── DATA EXCERPTS ──

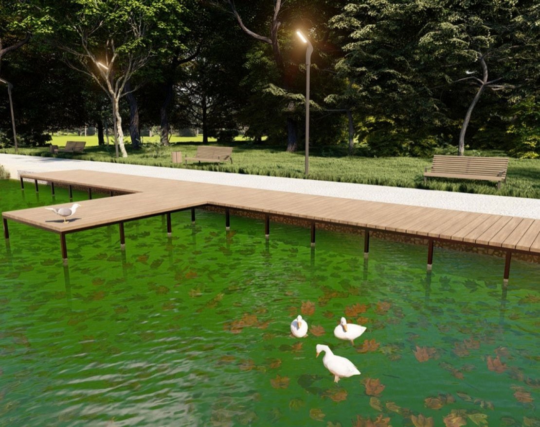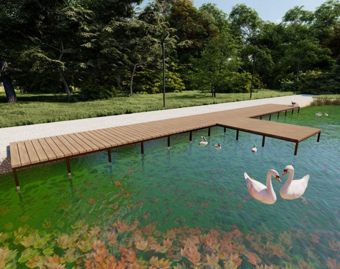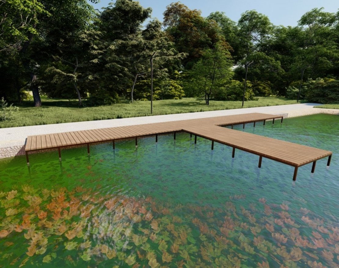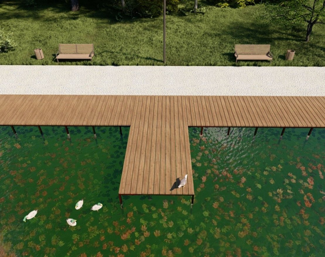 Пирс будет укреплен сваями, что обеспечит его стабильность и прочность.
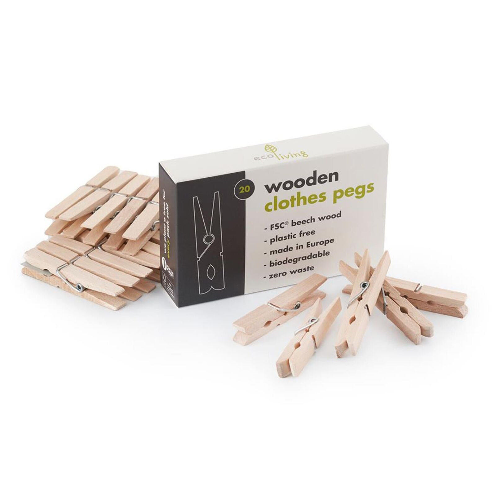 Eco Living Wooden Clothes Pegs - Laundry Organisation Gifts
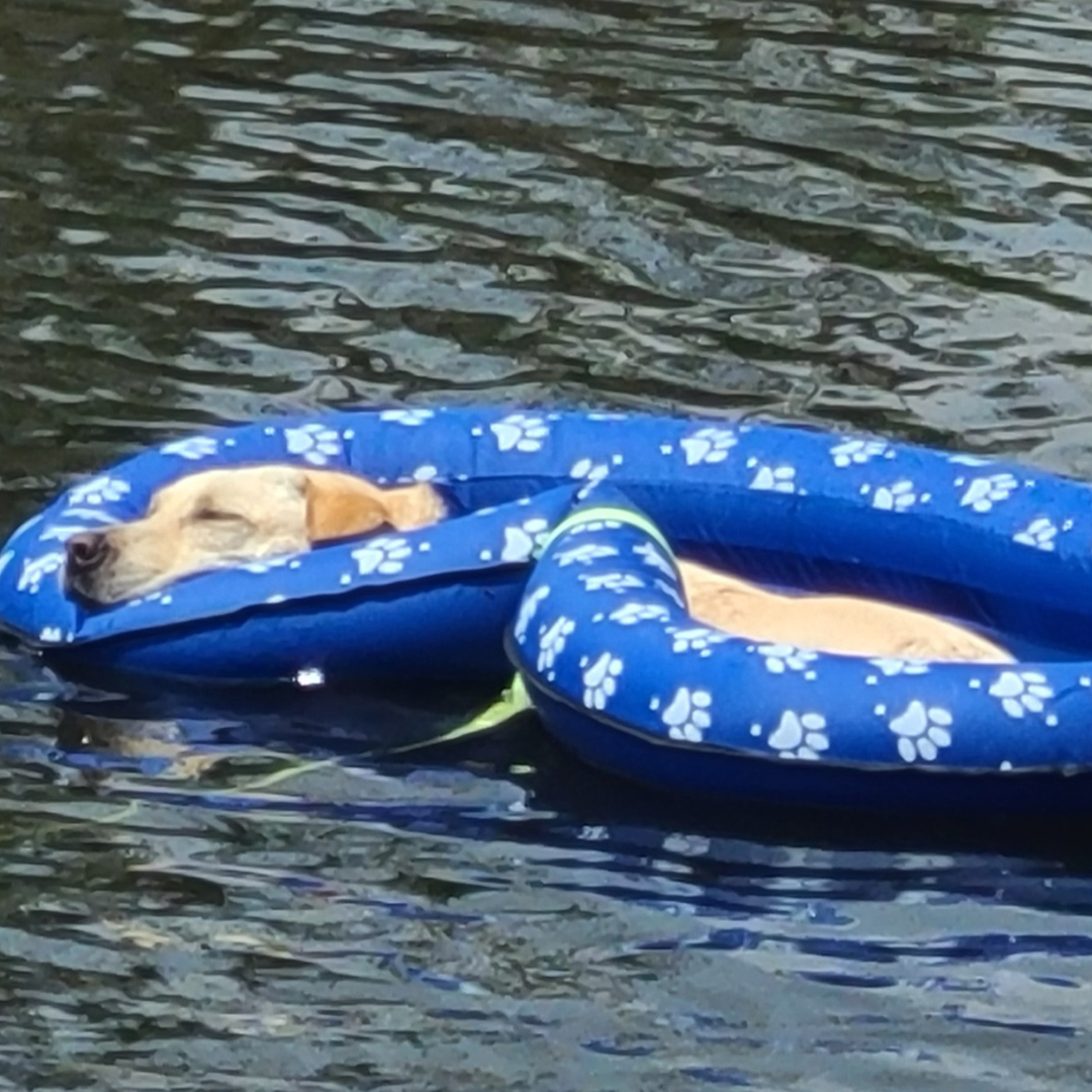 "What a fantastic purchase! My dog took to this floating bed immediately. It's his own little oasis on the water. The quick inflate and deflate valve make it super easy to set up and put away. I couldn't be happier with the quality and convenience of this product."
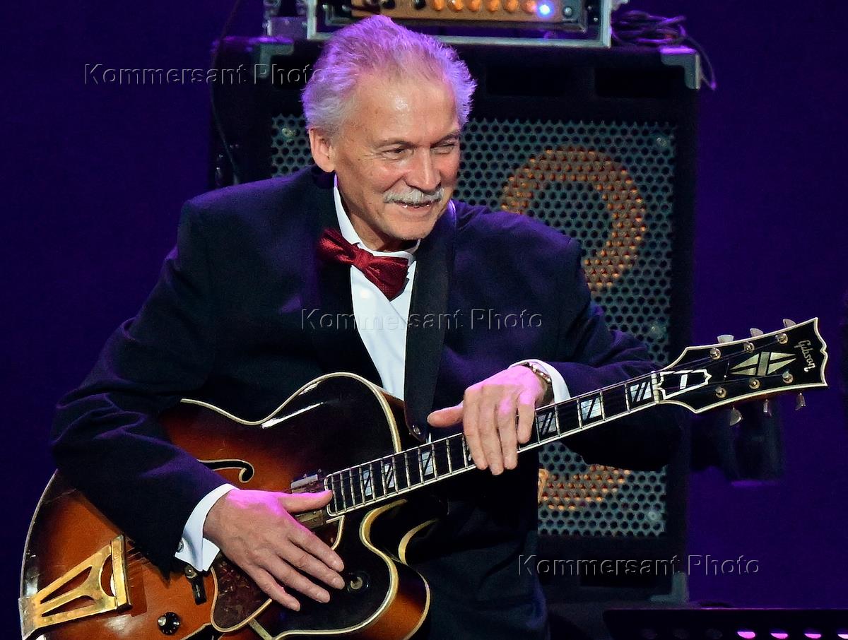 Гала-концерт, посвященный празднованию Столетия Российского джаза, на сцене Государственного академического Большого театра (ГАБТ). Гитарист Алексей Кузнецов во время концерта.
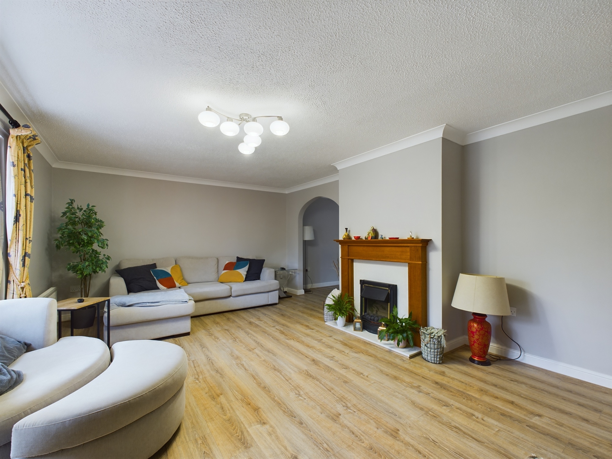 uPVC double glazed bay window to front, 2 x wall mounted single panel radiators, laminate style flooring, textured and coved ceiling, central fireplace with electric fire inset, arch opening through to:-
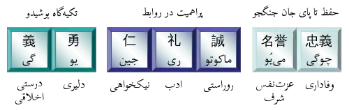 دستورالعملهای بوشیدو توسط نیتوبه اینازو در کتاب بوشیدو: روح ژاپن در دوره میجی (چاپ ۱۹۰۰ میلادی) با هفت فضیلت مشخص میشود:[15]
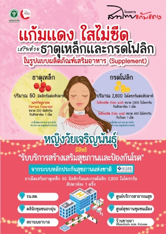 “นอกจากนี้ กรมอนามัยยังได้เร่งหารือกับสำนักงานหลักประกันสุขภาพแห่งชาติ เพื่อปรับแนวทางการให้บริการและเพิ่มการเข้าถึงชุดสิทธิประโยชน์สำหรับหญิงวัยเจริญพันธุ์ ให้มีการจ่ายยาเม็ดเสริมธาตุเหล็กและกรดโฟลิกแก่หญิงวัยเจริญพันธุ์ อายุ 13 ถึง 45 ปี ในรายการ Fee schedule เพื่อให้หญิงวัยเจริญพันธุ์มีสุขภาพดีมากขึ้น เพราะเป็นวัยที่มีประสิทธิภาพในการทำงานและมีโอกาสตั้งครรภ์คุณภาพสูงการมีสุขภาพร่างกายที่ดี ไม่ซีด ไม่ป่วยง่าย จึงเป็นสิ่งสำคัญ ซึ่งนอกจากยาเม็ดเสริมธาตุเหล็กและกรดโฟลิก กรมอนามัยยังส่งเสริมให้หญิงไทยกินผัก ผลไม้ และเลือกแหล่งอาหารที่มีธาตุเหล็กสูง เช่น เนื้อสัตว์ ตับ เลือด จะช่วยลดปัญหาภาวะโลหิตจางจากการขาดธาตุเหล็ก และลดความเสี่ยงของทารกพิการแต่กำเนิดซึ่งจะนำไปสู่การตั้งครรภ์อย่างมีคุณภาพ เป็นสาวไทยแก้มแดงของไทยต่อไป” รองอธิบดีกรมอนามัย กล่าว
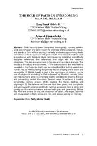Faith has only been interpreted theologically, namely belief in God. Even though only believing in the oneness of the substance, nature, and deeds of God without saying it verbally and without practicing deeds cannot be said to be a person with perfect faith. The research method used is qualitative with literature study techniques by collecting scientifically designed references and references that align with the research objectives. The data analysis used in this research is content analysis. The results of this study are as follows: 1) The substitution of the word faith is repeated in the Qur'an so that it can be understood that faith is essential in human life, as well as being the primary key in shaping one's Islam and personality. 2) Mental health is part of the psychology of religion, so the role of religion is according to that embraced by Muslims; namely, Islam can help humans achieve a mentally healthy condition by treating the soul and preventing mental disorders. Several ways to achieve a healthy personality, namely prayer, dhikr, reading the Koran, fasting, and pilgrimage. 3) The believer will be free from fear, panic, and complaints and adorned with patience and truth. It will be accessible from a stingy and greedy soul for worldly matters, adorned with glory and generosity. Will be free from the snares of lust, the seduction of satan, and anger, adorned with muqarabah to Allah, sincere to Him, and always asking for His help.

───

• **WORK INSTRUCTION**
Where a picture appears in the records above, omit it, and transcribe exactly the stretch of lines from the one with "a fantastic purchase!" through the one with "Гала-концерт, посвященный празднованию".

• **PROBLEM SOLUTION**
 "What a fantastic purchase! My dog took to this floating bed immediately. It's his own little oasis on the water. The quick inflate and deflate valve make it super easy to set up and put away. I couldn't be happier with the quality and convenience of this product."
 Гала-концерт, посвященный празднованию Столетия Российского джаза, на сцене Государственного академического Большого театра (ГАБТ). Гитарист Алексей Кузнецов во время концерта.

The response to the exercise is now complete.